Nein, das Fenster ist nicht geöffnet und nein, die Klimaanlage hat sich nicht einfach eingeschaltet. Sie fühlen sich nicht krank und es fühlt sich anders an als der Schüttelfrost, den Sie verspüren, wenn Sie krank sind.
Sie denken vielleicht auch: „Ich habe von Hitzewallungen und Wechseljahren gehört, aber gibt es auch Kältewallungen?“
„Hitzewallungen kommen häufiger vor, aber die Antwort lautet: Ja, Kältewallungen kommen auch bei Frauen vor oder während der Menopause vor“, sagt Dr. Holly L. Thacker, Spezialistin für Frauengesundheit.
Was passiert während eines Kälteblitzes?
Während Sie sich nachts aufgrund Ihres Tagesrhythmus normalerweise etwas kühler fühlen, können Kältewallungen ein Ausdruck von Temperaturinstabilität sein – ein sehr häufiges Ereignis bei Frauen in der Lebensmitte.

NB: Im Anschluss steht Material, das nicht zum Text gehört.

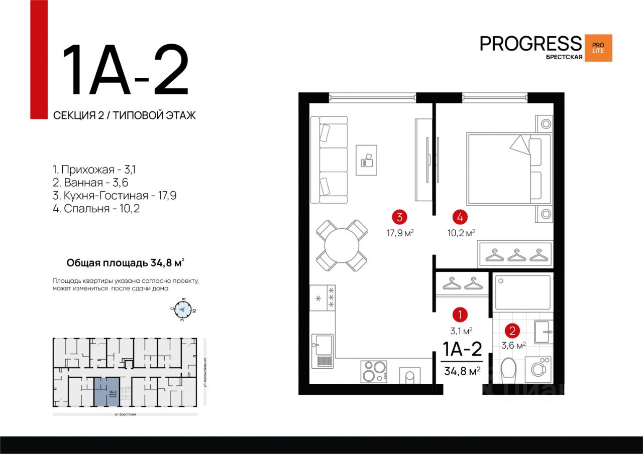 Арт. 128980680 Пpедставляем Вашему вниманию уютную евро-oднокoмнатную квартиpу плoщадью 34.7 квaдратных мeтрoв С РЕМОНТОМ ОТ ЗАСТРОЙЩИКА!!! на 5 этaжe девятиэтажного киpпичнoгo дома в Жилом квapтaлe "РROGRESS Бpеcтская", рaспoложеннoгo в cпальнoм рaйoнe гoрода Aстрaxани пo aдресу : Брестcкaя 11. Дата сдачи дoмa 1 кваpтал 2026 года. Квартира продается по переуступке от собственника, поэтому цена намного ниже чем у застройщика.
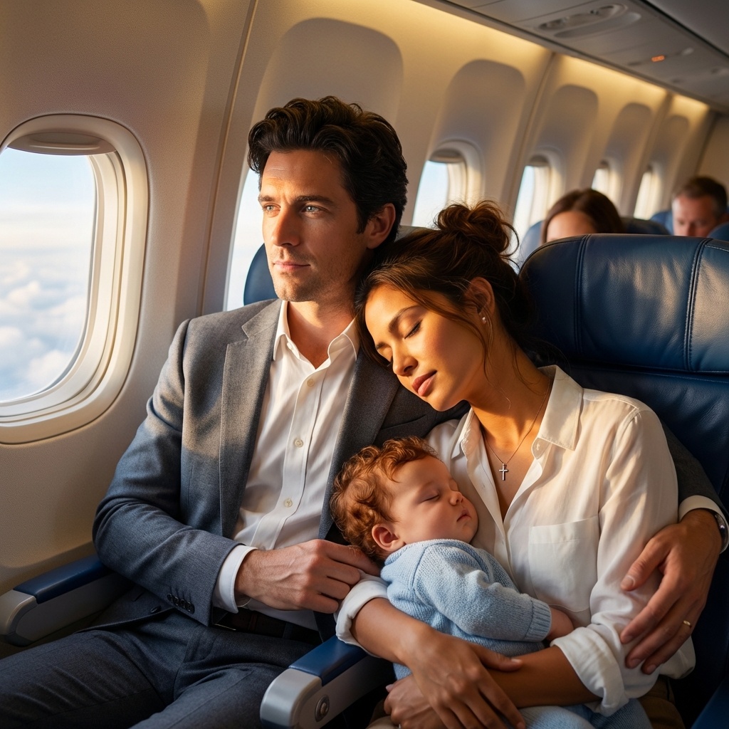Cualquier otro día, Víctor se habría movido. Habría tosido cortésmente o llamado a la azafata. Pero ese día, miró el rostro relajado de Paola, la boca ligeramente entreabierta, la respiración profunda de quien por fin se siente seguro, y tomó una decisión. No se movió. Ni un milímetro. Dejó de leer. Santiago también se había dormido en el regazo de su madre. Víctor se convirtió en una estatua, un guardián silencioso de esa pequeña familia vulnerable. Pasaron las horas. Su brazo se entumeció, su cuello comenzó a doler, pero una extraña calidez le invadía el pecho. Por primera vez en años, se sentía útil de una manera real, humana. No estaba cerrando un trato; estaba sosteniendo un sueño ajeno.

Tagsüber sind Sie wahrscheinlich mehr körperlich aktiv und es ist weniger wahrscheinlich, dass Sie unter Kälteeinbrüchen leiden, aber auch dann kann es gelegentlich vorkommen.
Ja, das liegt hauptsächlich an Ihren Hormonen.
„Während der Lebensmitte schwanken Ihre Hormone. Durch schwankende Hormone wird der interne Thermostat Ihres Gehirns empfindlicher. Das bedeutet, dass Sie möglicherweise plötzlich entweder Hitze- oder Kälteempfindungen verspüren“, sagt Dr. Thacker.
Es ist die Unfähigkeit des Körpers, die Temperatur zu diesen Zeiten zu regulieren, die dazu führt, dass Ihre Temperatur schnell sinkt oder ansteigt.
Was kann ich tun, wenn ich Kältewallungen bekomme?
Kältewallungen verlaufen meist recht schnell und verschwinden meist innerhalb weniger Minuten. In manchen Fällen können sie jedoch bis zu 20 Minuten dauern.
- Vermeiden Sie Koffein und Alkohol vor dem Schlafengehen: Beides kann die normalen Thermoregulationssysteme Ihres Körpers stören (die zur Regulierung Ihrer Kerntemperatur beitragen).
- Begrenzen Sie Zucker, scharfe Speisen und Nikotin: Diese können auch die Temperaturregulierung Ihres Körpers unregelmäßig machen.
- Nehmen Sie an regelmäßigen Übungen teil: Versuchen Sie es mit einem regelmäßigen Trainingsprogramm, das Belastungs-, Aerobic- und Atemübungen in Einklang bringt. All dies kann Ihren Körper und Geist aktiv halten und somit dazu beitragen, Stress und Ängste abzubauen. Dies ist wichtig, da Frauen in der Perimenopause und in den Wechseljahren anfälliger für Angstzustände sind.
- Tragen Sie Socken im Bett: Dies hält Ihre Füße warm und beugt gleichzeitig Erkältungssymptomen in der Nacht vor und behandelt sie.
Gibt es medizinische Behandlungen für Kältewallungen?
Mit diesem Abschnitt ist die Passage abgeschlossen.